**EXERCISE DATA**

◆ ◆ ◆ ◆ ◆

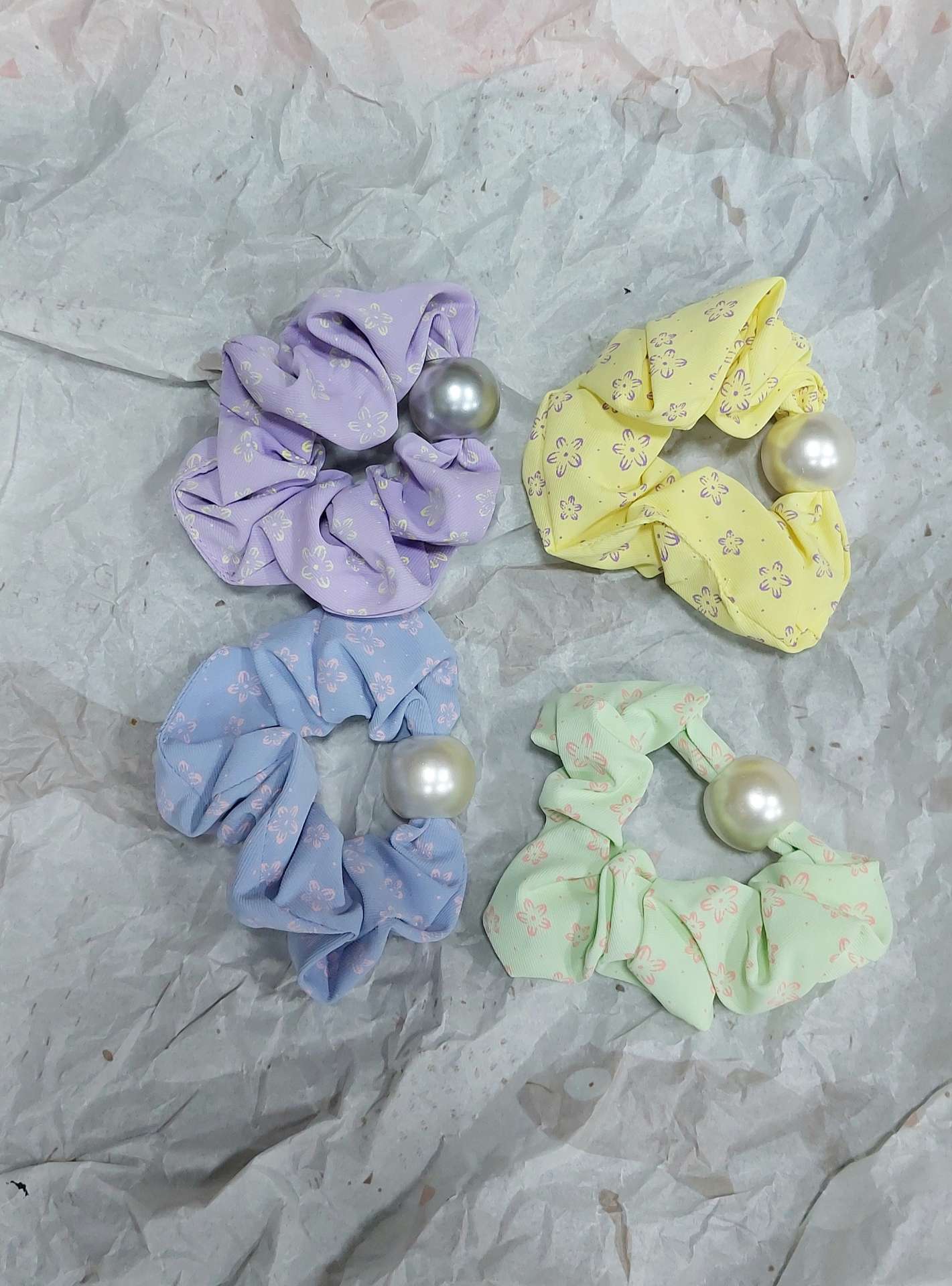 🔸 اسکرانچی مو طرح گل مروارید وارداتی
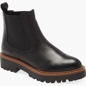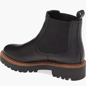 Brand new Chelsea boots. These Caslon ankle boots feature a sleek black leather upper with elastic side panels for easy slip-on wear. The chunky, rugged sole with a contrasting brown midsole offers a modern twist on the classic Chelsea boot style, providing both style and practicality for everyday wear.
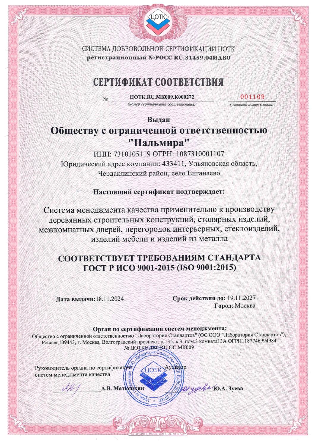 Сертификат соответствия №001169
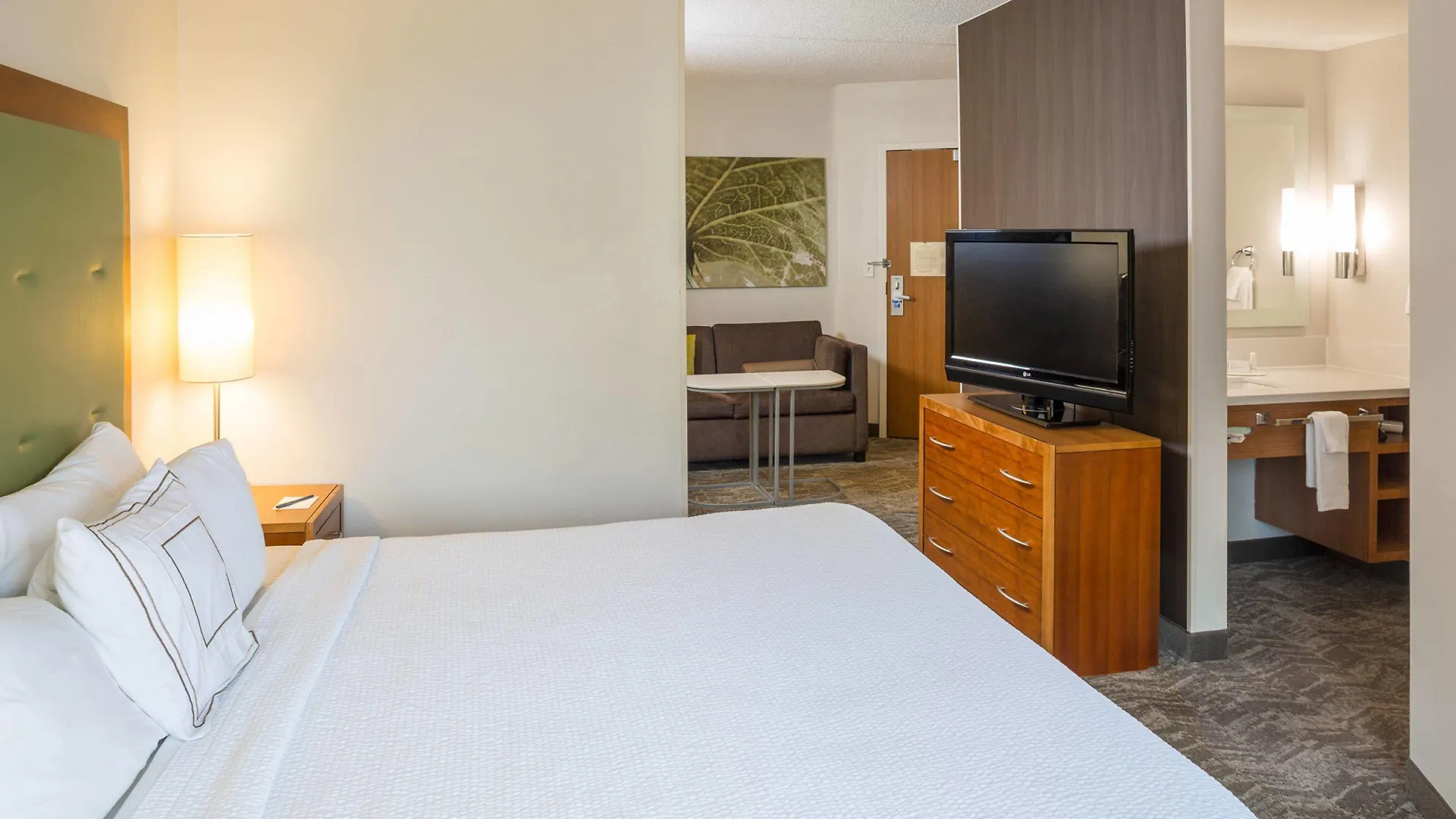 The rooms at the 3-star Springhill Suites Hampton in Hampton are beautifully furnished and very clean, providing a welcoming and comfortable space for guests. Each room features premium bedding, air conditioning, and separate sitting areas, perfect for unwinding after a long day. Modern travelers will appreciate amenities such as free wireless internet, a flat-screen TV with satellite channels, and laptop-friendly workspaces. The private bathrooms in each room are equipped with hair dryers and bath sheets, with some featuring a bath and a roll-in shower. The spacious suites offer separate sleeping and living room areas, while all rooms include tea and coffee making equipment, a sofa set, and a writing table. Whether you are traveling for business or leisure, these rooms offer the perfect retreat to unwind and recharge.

◆ ◆ ◆ ◆ ◆

**TRY IT**
Only the lines that lie between the start of the listing and the line containing "Сертификат соответствия №001169", both included, belong in the answer; write them out exactly and omit pictures.

**YOUR RESPONSE**
 🔸 اسکرانچی مو طرح گل مروارید وارداتی
 Brand new Chelsea boots. These Caslon ankle boots feature a sleek black leather upper with elastic side panels for easy slip-on wear. The chunky, rugged sole with a contrasting brown midsole offers a modern twist on the classic Chelsea boot style, providing both style and practicality for everyday wear.
 Сертификат соответствия №001169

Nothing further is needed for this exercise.